# [What is required]
In your copy of the data, keep every word exact and include no pictures.

Saved data entries
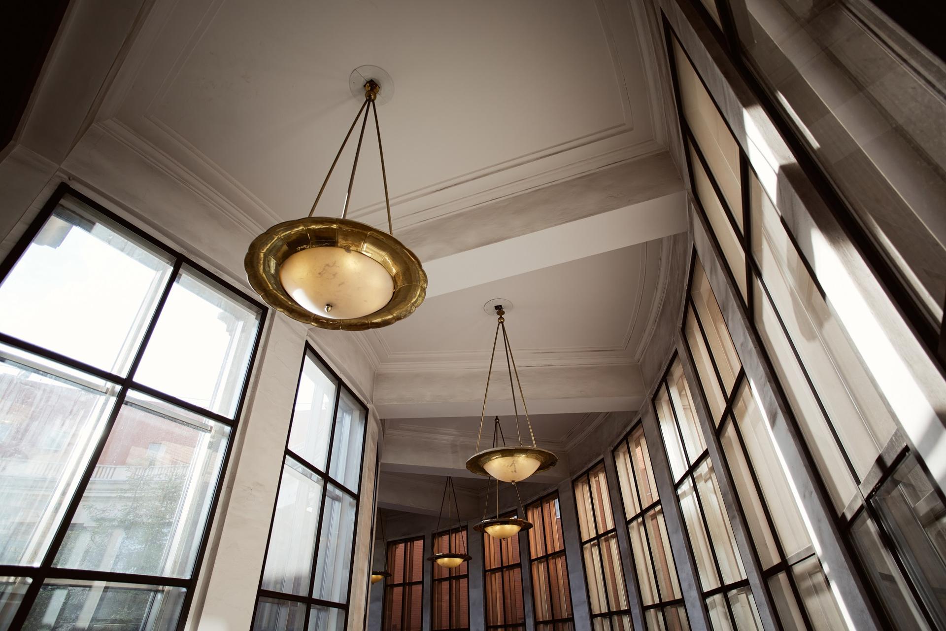 Интересная деталь: раньше освещение станции происходило только за счет световых колец-рефлекторов, которые расположены под куполами и скрыты кусками прозрачного оникса. Так достигалось равномерное освещение станционного зала. Позже были установлены дополнительные прожекторы.
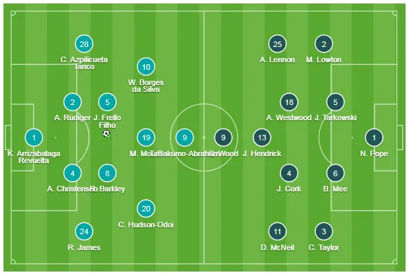 1-0 Phút 27, trọng tài thởi phạt đền khi Willian bị đốn ngã trong khu cấm và Jorginho đã hạ gục thủ thành đội khách trên chấm 11m.
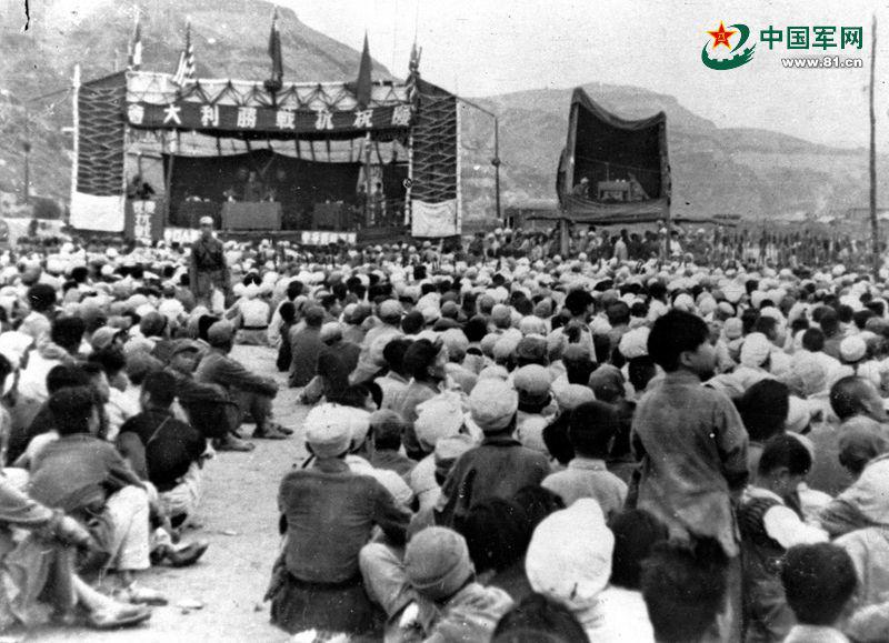 圖示:延安軍民慶祝抗戰(zhàn)勝利。
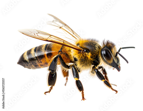 Close up of a bee with wings and legs visible against black background isolated on transparent background
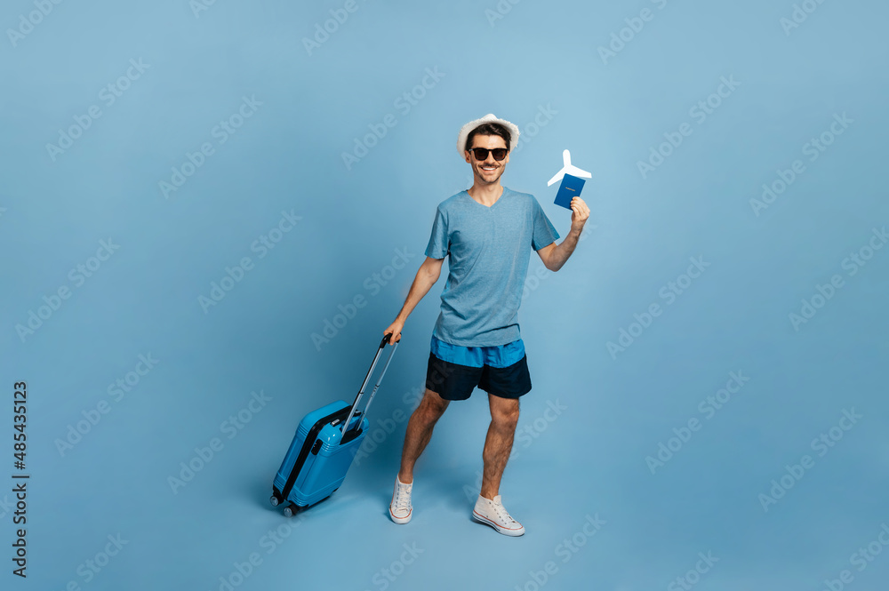 Full length caucasian joyful male traveler in a hat and sunglasses, dressed in summer wear, holds a blue suitcase, passport, ticket and small airplane, looks at camera, smile, isolated blue background

# [Answer below]
 Интересная деталь: раньше освещение станции происходило только за счет световых колец-рефлекторов, которые расположены под куполами и скрыты кусками прозрачного оникса. Так достигалось равномерное освещение станционного зала. Позже были установлены дополнительные прожекторы.
 1-0 Phút 27, trọng tài thởi phạt đền khi Willian bị đốn ngã trong khu cấm và Jorginho đã hạ gục thủ thành đội khách trên chấm 11m.
 圖示:延安軍民慶祝抗戰(zhàn)勝利。
 Close up of a bee with wings and legs visible against black background isolated on transparent background
 Full length caucasian joyful male traveler in a hat and sunglasses, dressed in summer wear, holds a blue suitcase, passport, ticket and small airplane, looks at camera, smile, isolated blue background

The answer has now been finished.